Participants, led by women's organizations, did not go to their paid jobs and did not do any housework or child-rearing for the whole day. Ninety percent of Iceland's female population participated in the strike. Iceland's parliament passed a law guaranteeing equal pay the following year.

History 
Icelandic women who worked outside of the home before 1975 earned less than sixty percent of what men earned.

The United Nations announced that 1975 was going to be International Women's Year. A representative from a women's group called the Redstockings put forward the idea of a strike as one of the events in honor of it. The committee decided to call the strike a "day off" since they thought that this term was more pleasant and would be more effective in engaging the masses. As well, some women could have been fired for going on strike but could not be denied a day off.

Women's organizations spread the word about the Day Off throughout the country. The Day Off event organizers got radio stations, television, and newspapers to run stories about gender-based discrimination and lower wages for women. The event garnered international attention.

Women's Day Off 
On 24 October 1975, Icelandic women did not go to their paid jobs nor did they do any housework or child-rearing at home. Ninety percent of women took part, including women in rural communities. Fish factories were closed since many of the factory workers were women.

During the Day Off, 25,000 out of a population of 220,000 people in Iceland gathered in the centre of Reykjavik, Iceland's capital, for a rally. At the rally, women listened to speakers, sang, and talked to each other about what could be done to achieve gender equality in Iceland. There were many speakers, including a housewife, two members of parliament, a representative of the women's movement, and a female worker. The last speech of the day was by Aðalheiður Bjarnfreðsdóttir, who "represented Sókn, the trade union for the lowest-paid women in Iceland".

Employers prepared for the day without women by buying sweets, pencils, and paper to entertain the children who would be brought into work by their fathers.
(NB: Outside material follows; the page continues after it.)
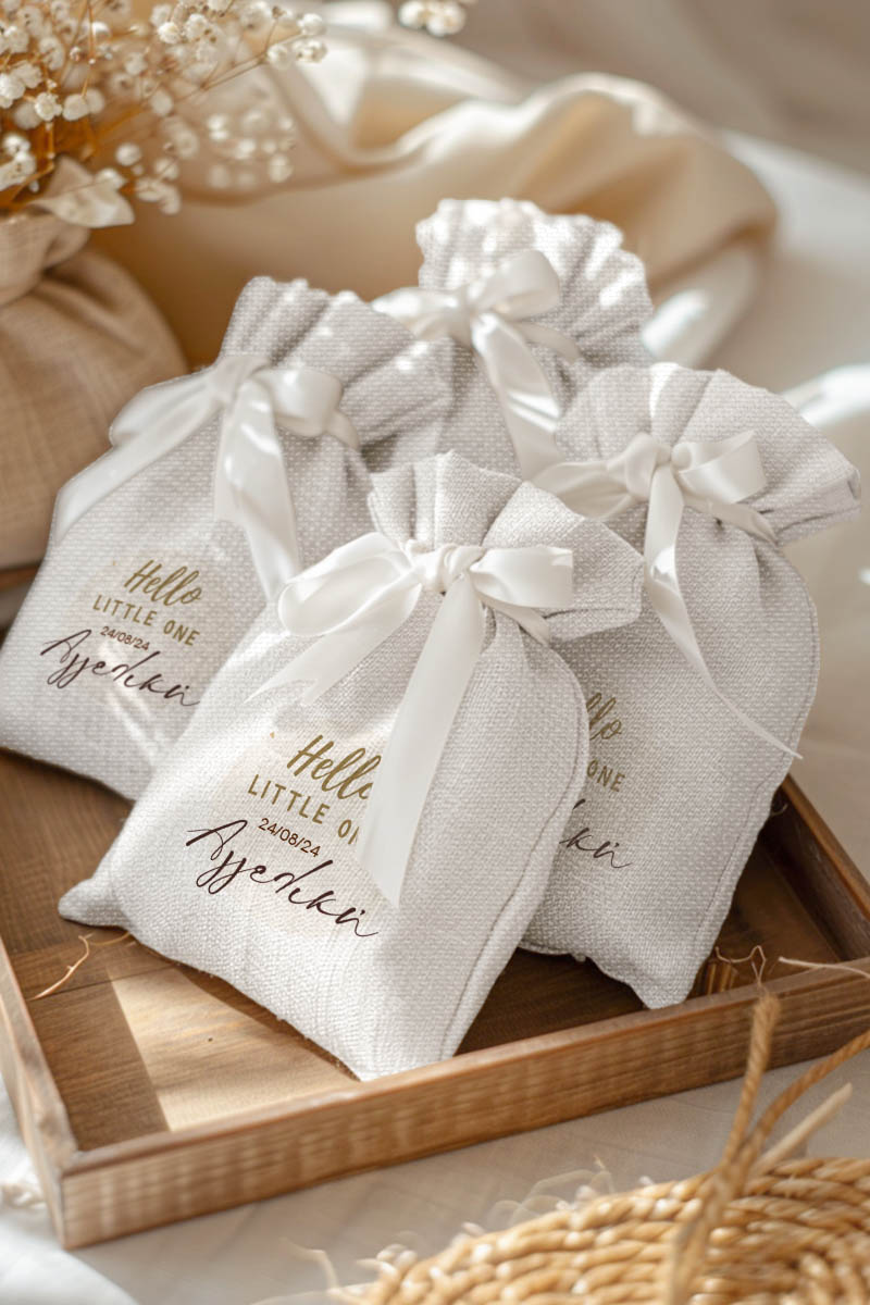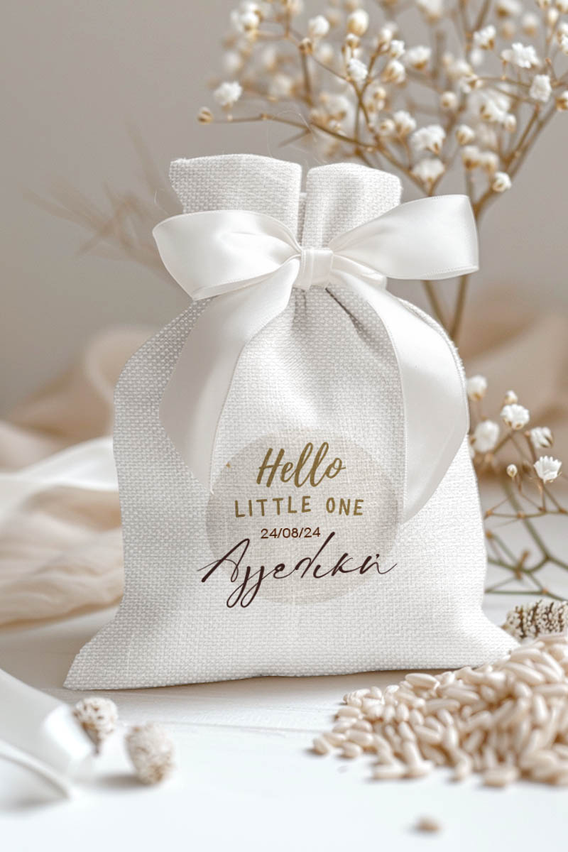 1.59€Μοντέρνες και Πρωτότυπες Μπομπονιέρες Βάπτισης με Πουγκί από Καμβά | Σετ Πουγκί, Εσωτερικό Τούλι & Κορδέλα Σατέν | Premium ποιότητα
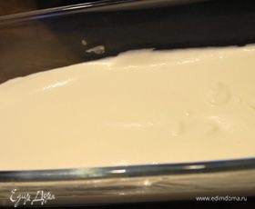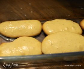 Савоярди обмакиваем быстренько (иначе они размокнут) в карамельный сироп и выкладываем в форму

As a result, sausages, a popular meal, sold out in many stores that day.

Aftermath 
The Day Off had a lasting impact and became known colloquially as "the long Friday".

Iceland's parliament passed a law guaranteeing equal pay the following year. The strike also paved the way for the election of Vigdís Finnbogadóttir, the first democratically elected female president in the world five years later in 1980.

Every ten years on the anniversary of the Day Off, women stop work early. In 1975, the women strikers left work at 2:05 p.m., and in 2005 they left at 2:08 p.m., reflecting the amount of progress made in 30 years. Increasing the frequency of strikes, in 2010 they left work at 2:25 p.m. and in 2016 at 2:38 p.m., with many women taking part in the Viking Clap outside the Althing.

Legacy 
The 2016 Black Monday in Poland was modelled on the 1975 Icelandic strike.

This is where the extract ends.